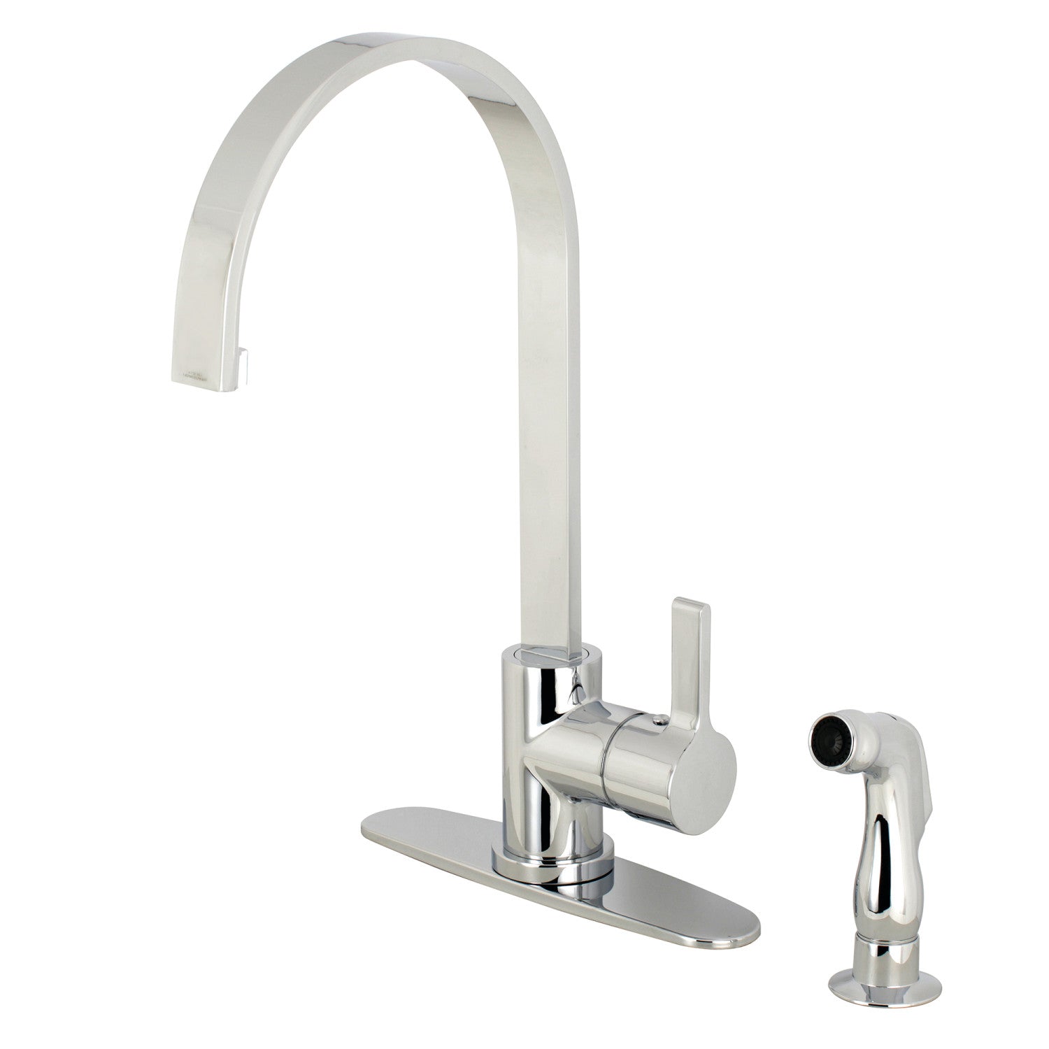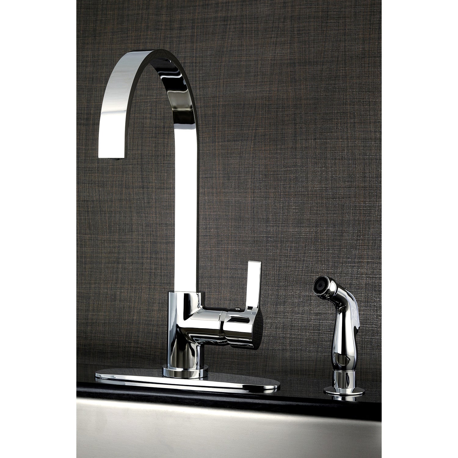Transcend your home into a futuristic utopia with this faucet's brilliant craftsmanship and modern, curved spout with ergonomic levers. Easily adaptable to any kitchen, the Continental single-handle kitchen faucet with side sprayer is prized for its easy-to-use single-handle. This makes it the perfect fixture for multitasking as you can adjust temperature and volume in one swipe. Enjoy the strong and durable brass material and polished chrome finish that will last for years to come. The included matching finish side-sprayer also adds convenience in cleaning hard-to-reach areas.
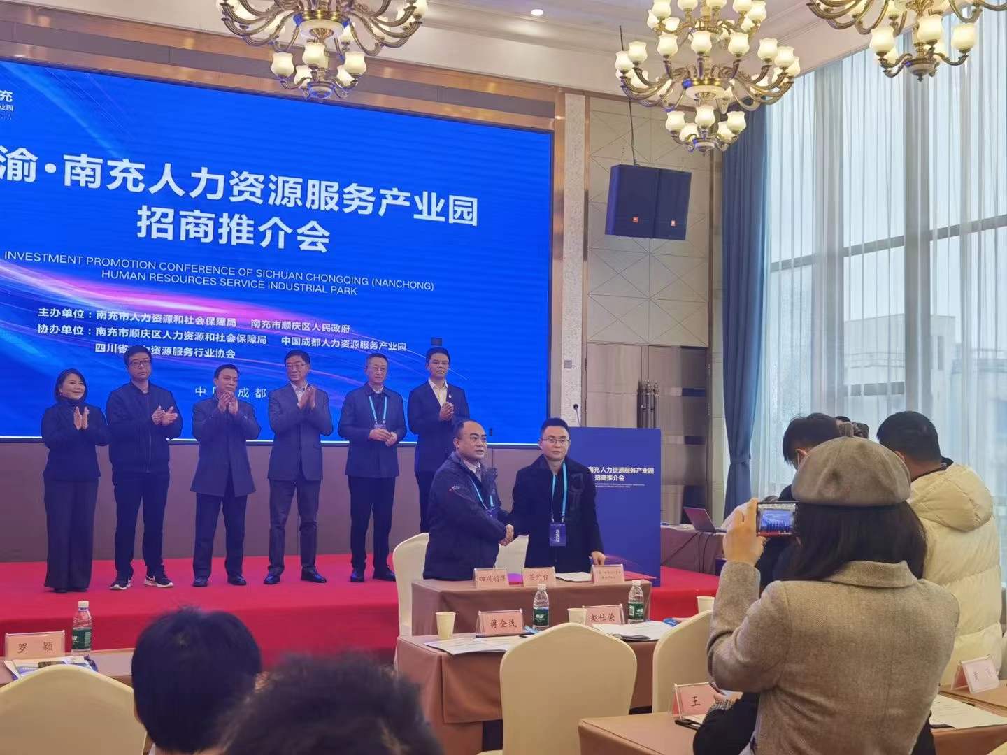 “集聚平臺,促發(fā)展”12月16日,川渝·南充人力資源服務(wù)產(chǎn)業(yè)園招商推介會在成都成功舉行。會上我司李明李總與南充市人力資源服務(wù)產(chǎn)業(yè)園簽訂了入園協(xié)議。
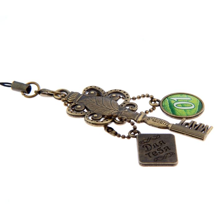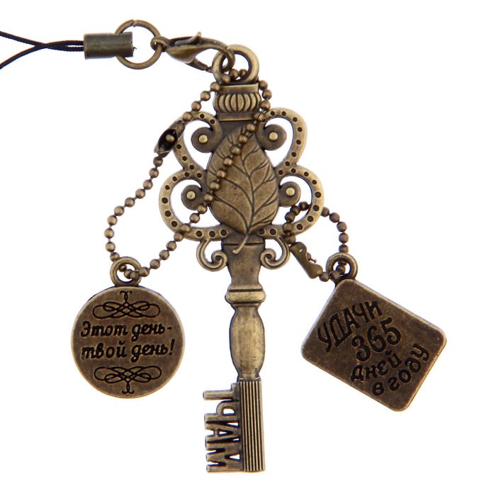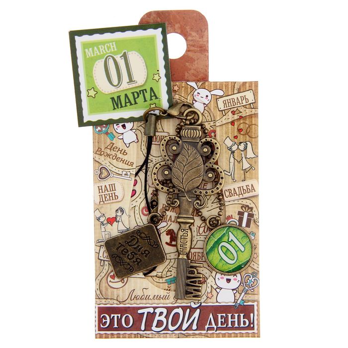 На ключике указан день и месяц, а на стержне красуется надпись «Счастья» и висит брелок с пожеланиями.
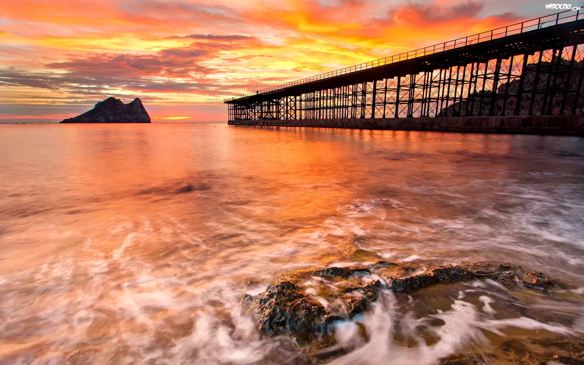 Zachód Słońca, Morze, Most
==================================================
- WORK REQUIRED
The answer is every line of the data, exactly as written, with the pictures dropped.

- EXERCISE OUTPUT
Transcend your home into a futuristic utopia with this faucet's brilliant craftsmanship and modern, curved spout with ergonomic levers. Easily adaptable to any kitchen, the Continental single-handle kitchen faucet with side sprayer is prized for its easy-to-use single-handle. This makes it the perfect fixture for multitasking as you can adjust temperature and volume in one swipe. Enjoy the strong and durable brass material and polished chrome finish that will last for years to come. The included matching finish side-sprayer also adds convenience in cleaning hard-to-reach areas.
 “集聚平臺,促發(fā)展”12月16日,川渝·南充人力資源服務(wù)產(chǎn)業(yè)園招商推介會在成都成功舉行。會上我司李明李總與南充市人力資源服務(wù)產(chǎn)業(yè)園簽訂了入園協(xié)議。
 На ключике указан день и месяц, а на стержне красуется надпись «Счастья» и висит брелок с пожеланиями.
 Zachód Słońca, Morze, Most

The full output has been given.